Reported: 2018-11-05 20:57 UTC by Marius Cornea
Modified: 2019-01-11 11:54 UTC (History)
6 users (show)

Fixed In Version: openstack-tripleo-common-9.4.1-0.20181012010877.el7ost
Doc Type: If docs needed, set a value
Doc Text:
Clone Of:
Environment:
Last Closed: 2019-01-11 11:54:32 UTC
Target Upstream Version:
Embargoed:


Attachments (Terms of Use)


Links
System ID Private Priority Status Summary Last Updated
Launchpad 1801902 0 None None None 2018-11-06 10:19:21 UTC
OpenStack gerrit 615653 0 'None' MERGED Fix config-download timeout 2020-12-30 13:19:16 UTC
Red Hat Product Errata RHEA-2019:0045 0 None None None 2019-01-11 11:54:38 UTC

Description Marius Cornea 2018-11-05 20:57:48 UTC
Description of problem:

When deployment times out because config_download_timeout is reached there is no clear indication why the failure occurred and also the ansible-playbook process keeps running despite the deploy process already failed.
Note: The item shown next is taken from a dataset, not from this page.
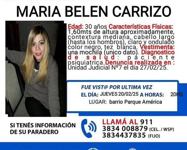 Policía de Catamarca, en conjunto con la División Trata de Personas y la Sección de Investigaciones y Registro de Personas Desaparecidas, trabajan en la búsqueda de María Belén Carrizo, una joven de 30 años de edad, quien fue vista por última vez el día jueves 20 de febrero a las 20hs., en el barrio Parque América.

openstack overcloud deploy shows:

[...]

TASK [Run puppet host configuration for step 4] ********************************
Monday 05 November 2018  14:50:08 -0500 (0:00:00.376)       1:02:03.510 ******* 
changed: [ceph-1] => {"censored": "the output has been hidden due to the fact that 'no_log: true' was specified for this result", "changed": true}

Ansible failed, check log at /var/lib/mistral/overcloud/ansible.log.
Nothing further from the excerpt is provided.